**PROBLEM:** Print the entries that appear below, exactly as written and without their pictures.

(Saved entries)

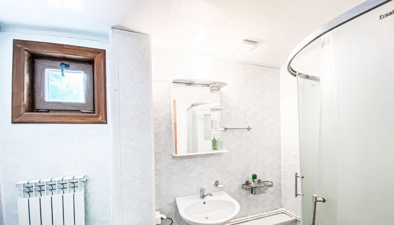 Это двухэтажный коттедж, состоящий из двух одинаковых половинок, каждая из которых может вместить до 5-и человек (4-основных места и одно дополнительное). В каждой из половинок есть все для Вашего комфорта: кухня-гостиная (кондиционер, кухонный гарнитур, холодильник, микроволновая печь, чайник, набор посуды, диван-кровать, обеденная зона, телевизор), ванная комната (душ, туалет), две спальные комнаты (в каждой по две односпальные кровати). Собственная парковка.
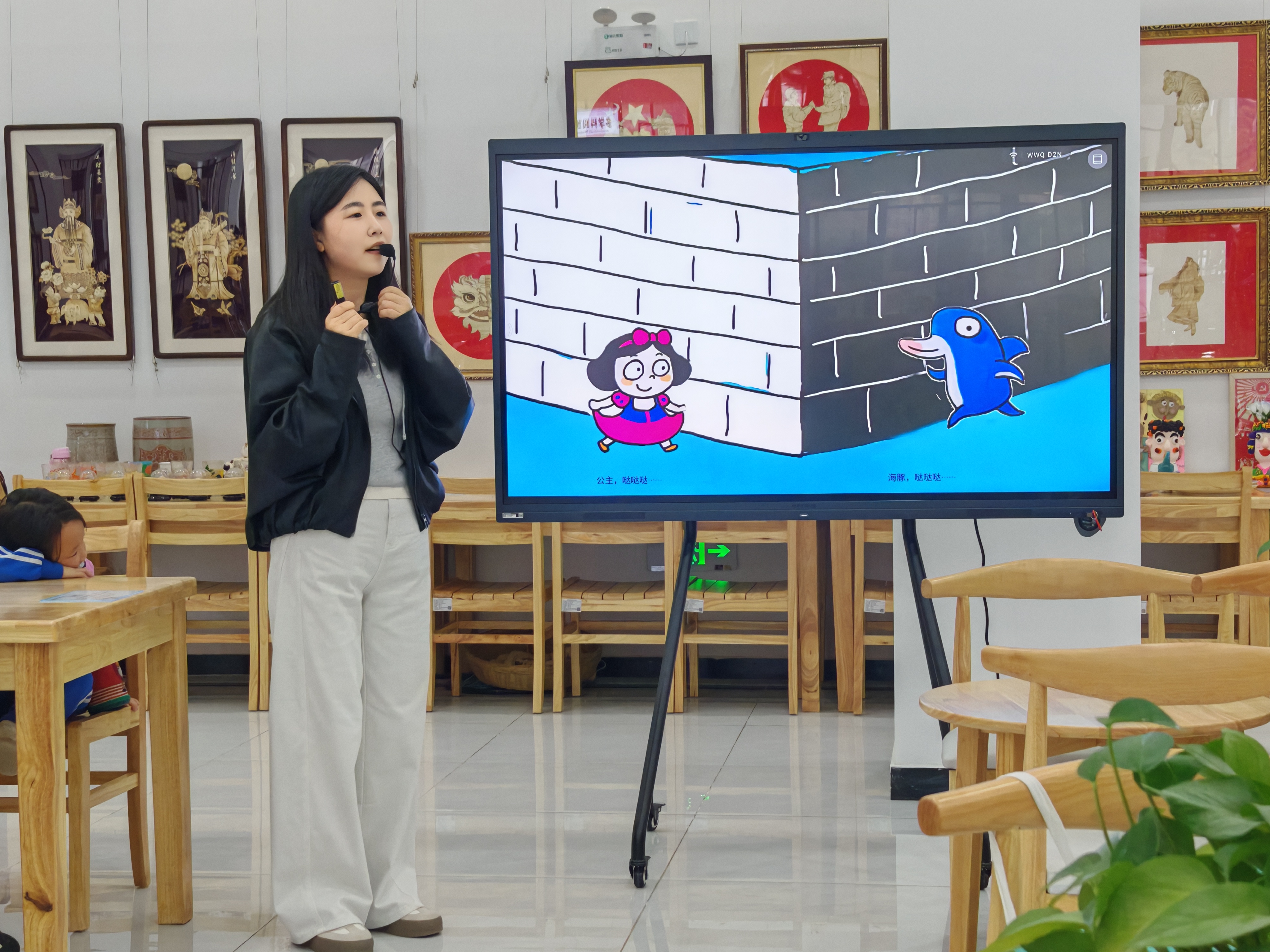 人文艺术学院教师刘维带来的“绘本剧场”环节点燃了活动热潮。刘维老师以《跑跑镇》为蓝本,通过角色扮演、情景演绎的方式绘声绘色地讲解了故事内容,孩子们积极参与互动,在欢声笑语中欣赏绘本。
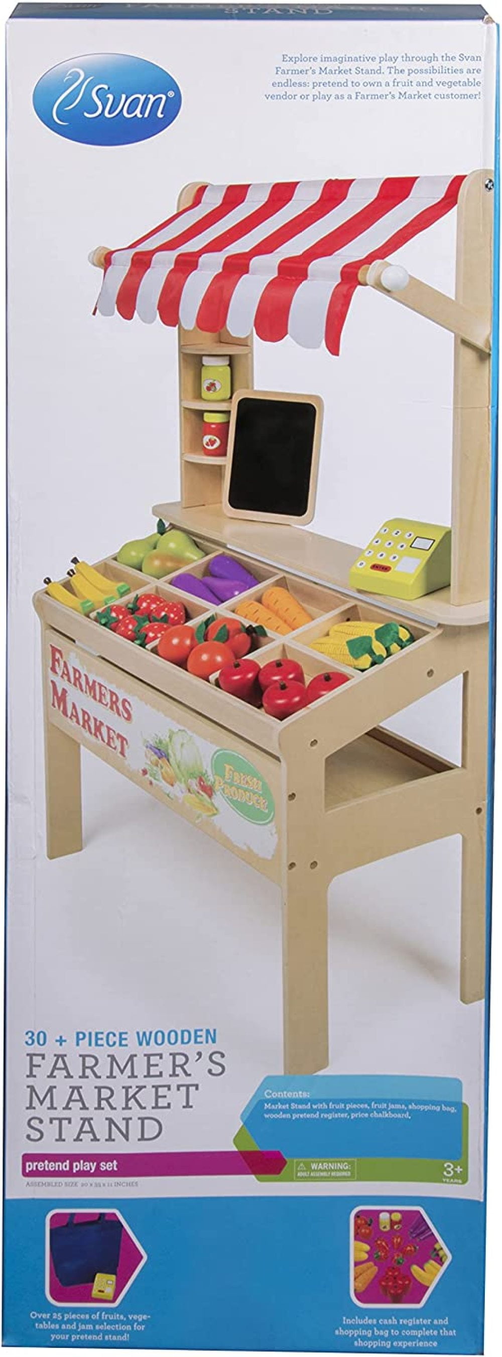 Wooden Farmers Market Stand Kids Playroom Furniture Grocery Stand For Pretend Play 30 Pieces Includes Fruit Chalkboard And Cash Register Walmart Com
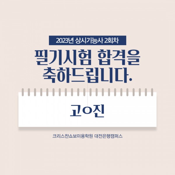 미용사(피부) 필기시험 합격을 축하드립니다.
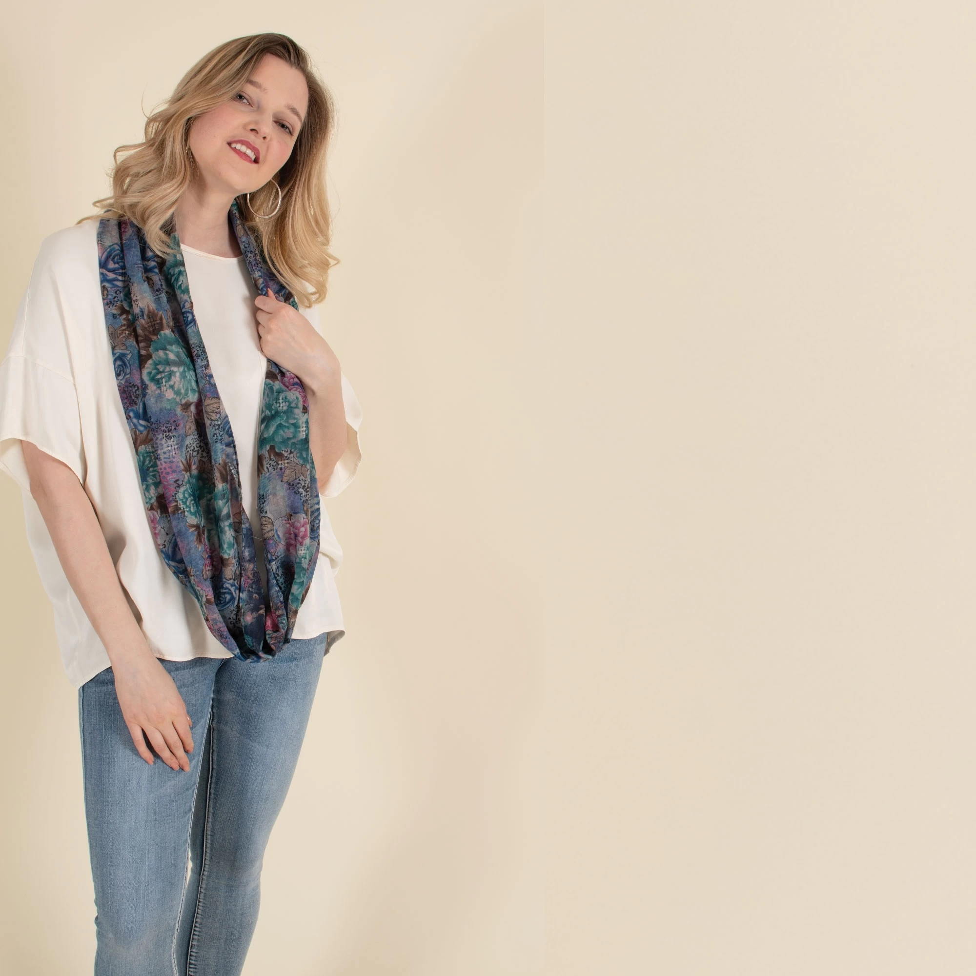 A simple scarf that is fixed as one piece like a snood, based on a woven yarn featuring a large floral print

**RESULT FOR THIS TASK:**
 Это двухэтажный коттедж, состоящий из двух одинаковых половинок, каждая из которых может вместить до 5-и человек (4-основных места и одно дополнительное). В каждой из половинок есть все для Вашего комфорта: кухня-гостиная (кондиционер, кухонный гарнитур, холодильник, микроволновая печь, чайник, набор посуды, диван-кровать, обеденная зона, телевизор), ванная комната (душ, туалет), две спальные комнаты (в каждой по две односпальные кровати). Собственная парковка.
 人文艺术学院教师刘维带来的“绘本剧场”环节点燃了活动热潮。刘维老师以《跑跑镇》为蓝本,通过角色扮演、情景演绎的方式绘声绘色地讲解了故事内容,孩子们积极参与互动,在欢声笑语中欣赏绘本。
 Wooden Farmers Market Stand Kids Playroom Furniture Grocery Stand For Pretend Play 30 Pieces Includes Fruit Chalkboard And Cash Register Walmart Com
 미용사(피부) 필기시험 합격을 축하드립니다.
 A simple scarf that is fixed as one piece like a snood, based on a woven yarn featuring a large floral print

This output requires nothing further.